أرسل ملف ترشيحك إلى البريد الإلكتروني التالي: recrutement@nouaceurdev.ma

..............................

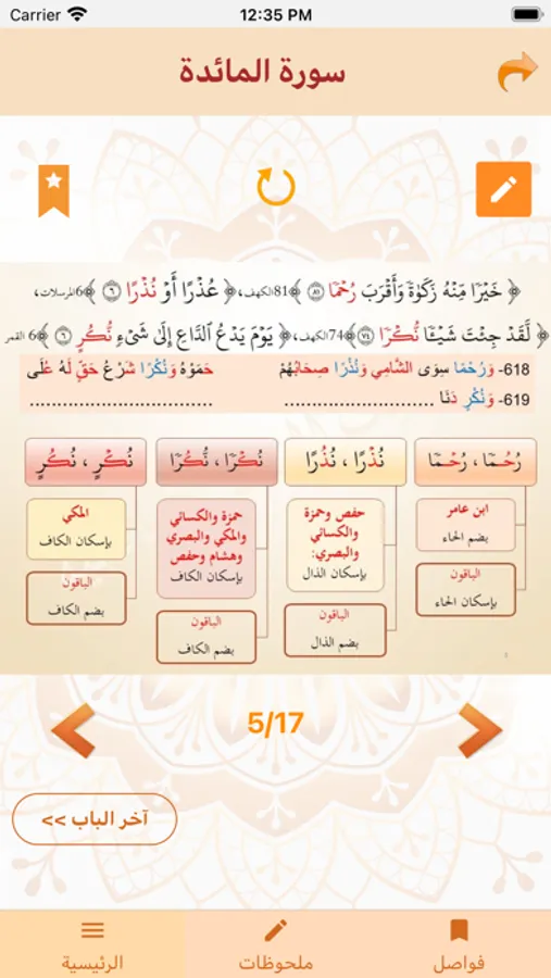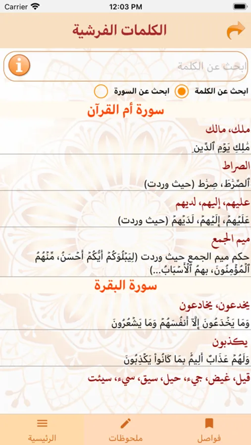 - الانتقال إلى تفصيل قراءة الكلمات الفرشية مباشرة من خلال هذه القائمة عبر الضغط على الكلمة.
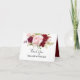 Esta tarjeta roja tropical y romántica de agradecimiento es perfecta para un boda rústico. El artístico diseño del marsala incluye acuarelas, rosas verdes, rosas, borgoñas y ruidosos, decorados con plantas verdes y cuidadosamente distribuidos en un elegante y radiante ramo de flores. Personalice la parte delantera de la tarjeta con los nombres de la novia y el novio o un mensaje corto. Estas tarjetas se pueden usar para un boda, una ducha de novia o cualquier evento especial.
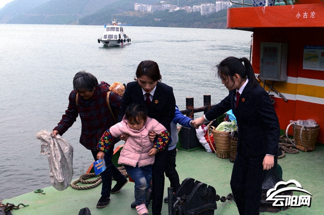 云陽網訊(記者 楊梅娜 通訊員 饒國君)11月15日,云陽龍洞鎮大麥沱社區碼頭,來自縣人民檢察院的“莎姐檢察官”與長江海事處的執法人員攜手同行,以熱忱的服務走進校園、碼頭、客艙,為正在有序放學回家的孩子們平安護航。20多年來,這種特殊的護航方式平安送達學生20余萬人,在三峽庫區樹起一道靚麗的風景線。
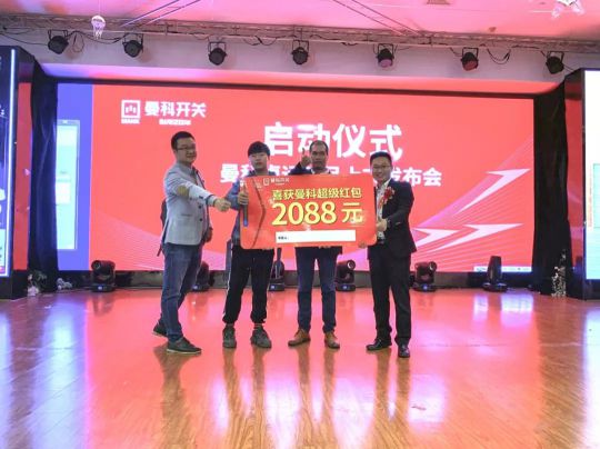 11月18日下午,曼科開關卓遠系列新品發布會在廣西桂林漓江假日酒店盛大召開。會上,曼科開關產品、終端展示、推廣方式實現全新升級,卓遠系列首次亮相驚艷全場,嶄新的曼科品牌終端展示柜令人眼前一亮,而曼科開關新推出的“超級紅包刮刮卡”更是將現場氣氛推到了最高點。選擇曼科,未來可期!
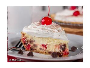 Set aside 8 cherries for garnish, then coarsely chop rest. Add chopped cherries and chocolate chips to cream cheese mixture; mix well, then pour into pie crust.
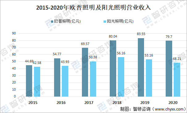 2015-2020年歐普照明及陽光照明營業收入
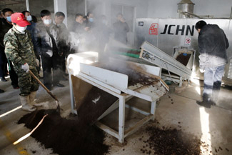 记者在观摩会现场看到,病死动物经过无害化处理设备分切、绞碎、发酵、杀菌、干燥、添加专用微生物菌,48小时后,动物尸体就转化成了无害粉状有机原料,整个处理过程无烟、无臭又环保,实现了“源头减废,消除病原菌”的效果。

..............................

◆ **Your instructions**
Everything from the line above that contains "云陽網訊(記者 楊梅娜 通訊員" down to the line that contains "记者在观摩会现场看到,病死动" must be reproduced exactly, both ends included. Omit the pictures.

◆ **Finished exercise**
 云陽網訊(記者 楊梅娜 通訊員 饒國君)11月15日,云陽龍洞鎮大麥沱社區碼頭,來自縣人民檢察院的“莎姐檢察官”與長江海事處的執法人員攜手同行,以熱忱的服務走進校園、碼頭、客艙,為正在有序放學回家的孩子們平安護航。20多年來,這種特殊的護航方式平安送達學生20余萬人,在三峽庫區樹起一道靚麗的風景線。
 11月18日下午,曼科開關卓遠系列新品發布會在廣西桂林漓江假日酒店盛大召開。會上,曼科開關產品、終端展示、推廣方式實現全新升級,卓遠系列首次亮相驚艷全場,嶄新的曼科品牌終端展示柜令人眼前一亮,而曼科開關新推出的“超級紅包刮刮卡”更是將現場氣氛推到了最高點。選擇曼科,未來可期!
 Set aside 8 cherries for garnish, then coarsely chop rest. Add chopped cherries and chocolate chips to cream cheese mixture; mix well, then pour into pie crust.
 2015-2020年歐普照明及陽光照明營業收入
 记者在观摩会现场看到,病死动物经过无害化处理设备分切、绞碎、发酵、杀菌、干燥、添加专用微生物菌,48小时后,动物尸体就转化成了无害粉状有机原料,整个处理过程无烟、无臭又环保,实现了“源头减废,消除病原菌”的效果。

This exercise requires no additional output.